Puasa yang demikian inilah mengantarkan seseorang untuk meraih keutamaan Allah SWT. Sebagaimana disabdakan Nabi, "Likulli hasanatin bi’asyri iamtsalihim sab’u miah dhi’fun illas shaum, fainnahu li wa ana ajzi bihi" (Setiap amal kebajikan dibalas dengan 10 sampai 700 pahala, kecuali puasa “untuk-Ku dan Aku sendiri yang akan membalasnya” -dengan mengutip kata Tuhan).

 

Puasa adalah ibadah paling istimewa karena satu-satunya ibadah yang akan dibalas langsung oleh Allah SWT hanya ibadah puasa.

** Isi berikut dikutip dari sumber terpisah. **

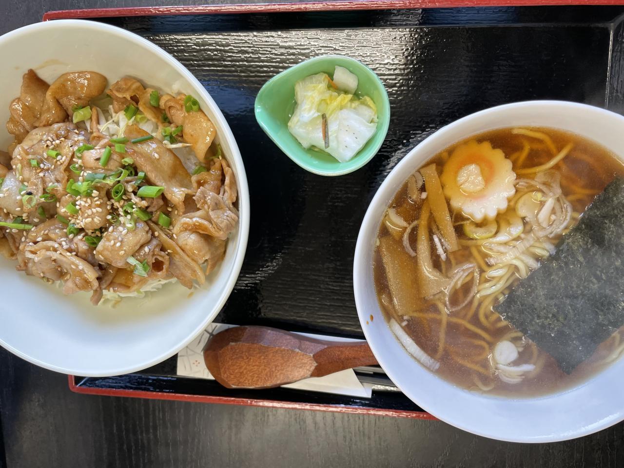 本日の日替わりは豚カルビ焼肉丼と半ラーメンです。
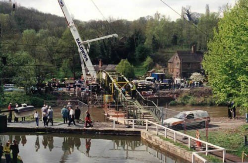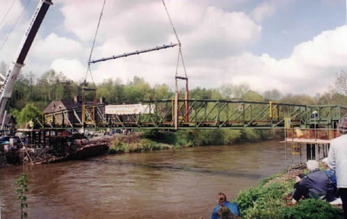 One such area is at a point between Jackfield and Coalport, immediately adjacent to the Hay incline plane. Initially, a ferry provided transport for people crossing from one side to the other, which was useful with industries expanding in the area, particularly John Rose & Company, who had closed their china works in Caughley and Broseley and relocated to Coalport – but leaving the workers now having to cross the river to attend their place of work.
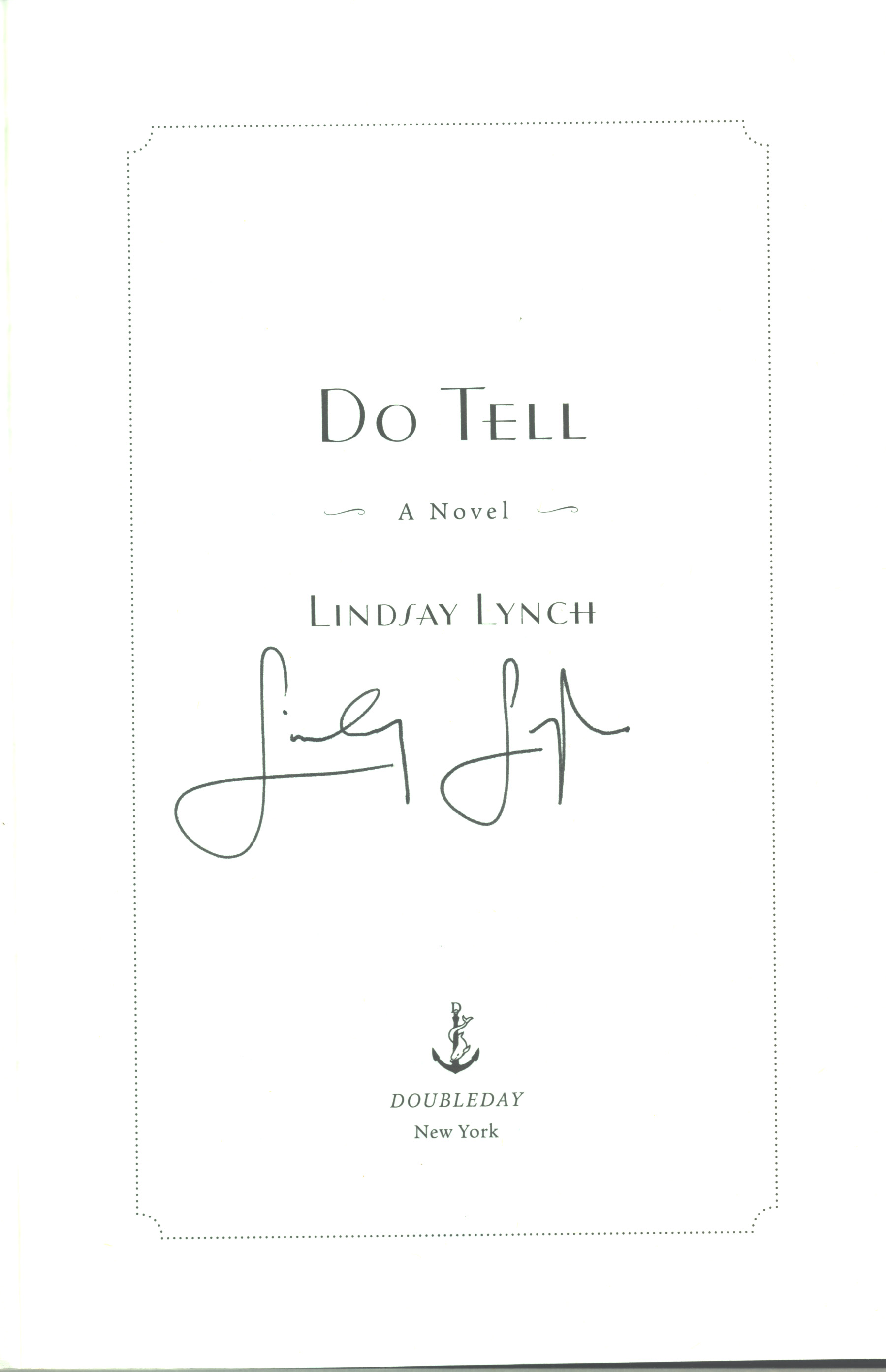 THIS COPY (shown below) was hand signed by Lindsay Lynch on the title page. It is a new, unread, first edition, opened only for sihgning and comes with a certificate authenticating the signature. Published in July, 2023 by Doubleday, an imprint of Penguin Random House.
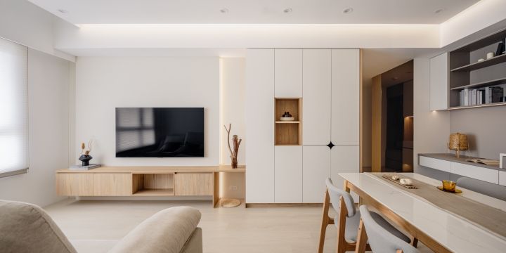 王家宏擅長在動態與靜態中找到平衡,利用空間動線與折門設計,為每個區域提供靈活的使用彈性。同時,他重視空間的比例分割與色彩協調,特別偏好簡約亮色系設計,以3種主色調維持空間的平穩感。
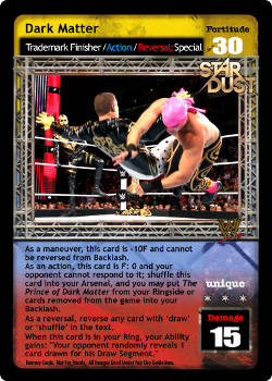 As a maneuver, this card is -10F and cannot be reversed from Backlash. As an action, this card is F: 0 and your opponent cannot respond to it; shuffle this card into your Arsenal, and you may put The Prince of Dark Matter from your Ringside or cards removed from the game into your Backlash. As a reversal, reverse any card with µdraw or µshuffle in the text. When this card is in your Ring, your Ability gains: 'Your opponent randomly reveals 1 card drawn for his Draw Segment.'
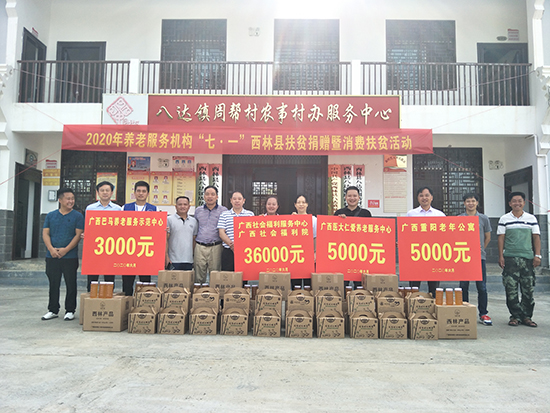 6月22日至24日,广西社会福利服务中心(广西社会福利院)、广西巴马养老服务示范中心、广西医大仁爱养老服务中心、广西重阳老年公寓等我区部分养老服务机构共同到百色市西林县开展扶贫捐赠、消费扶贫暨“一帮一联”结对帮扶主题党日活动。 参与活动的养老服务机构除向西林县捐赠扶贫资金4.9万元外,还积极对接贫困村参与消费扶贫工作,以实际行动助力西林县打赢脱贫攻坚战。
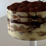 Repeat until you reach the top of your dish (I ended up with 5 layers of biscuits) – finishing with a layer of cream and a generous dusting of cocoa powder.
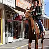 Kent halkının alışık olduğu atlı yolculukta, Yüce'nin uğradığı dükkan ve belediye gibi yerlerin kapısına bağlanan at ilginç görüntü oluşturuyor.
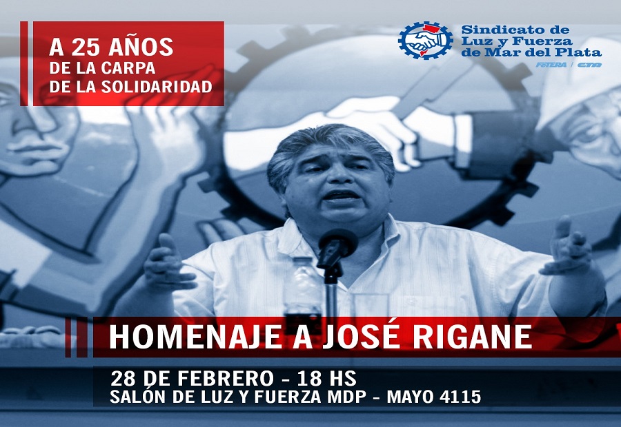 El Sindicato de Luz y Fuerza de Mar del Plata invita a la comunidad a participar este viernes 28 de febrero del Acto público Homenaje a José Rigane y a 25 años de la Carpa de la Solidaridad. El encuentro se realizará en la sede del gremio, 25 de Mayo 4115 a las 18hs.

Pahalanya pun tidak menggunakan rumus biasa, tetapi Allah SWT yang akan mengukurnya.

Keutamaan ibadah puasa ini juga disebutkan dalam hadis: Likulli syai’in babun wa babul ‘ibadah al-shiyam (Segala sesuatu mempunyai pintu dan pintu ibadah ialah puasa).

Banyak lagi ayat dan hadis yang mengistimewakan puasa di atas ibadah-ibadah lainnya, sebagaimana sering kita baca dan dengar.

Puasa ahli tarekat betul-betul mensterilkan diri dari sentuhan segala sesuatu yang bersifat syubhat apalagi haram. Membebaskan nafsu dari syahwat dan membersihkan amal ibadah dari kecenderungan riya, dan menghindarkan diri dari berbagai ujub dan pujian.

Puasa yang demikian ini diharapkan bukan hanya mengantarkan orang untuk menggapai ketakwaan seperti janji Allah SWT: La’allakum tattqun (QS al-Baqarah[2]:183), tetapi juga menemui Allah (liqa’ Allah) sebagaimana disebutkan di dalam Alquran surah al-Kahfi ayat 110.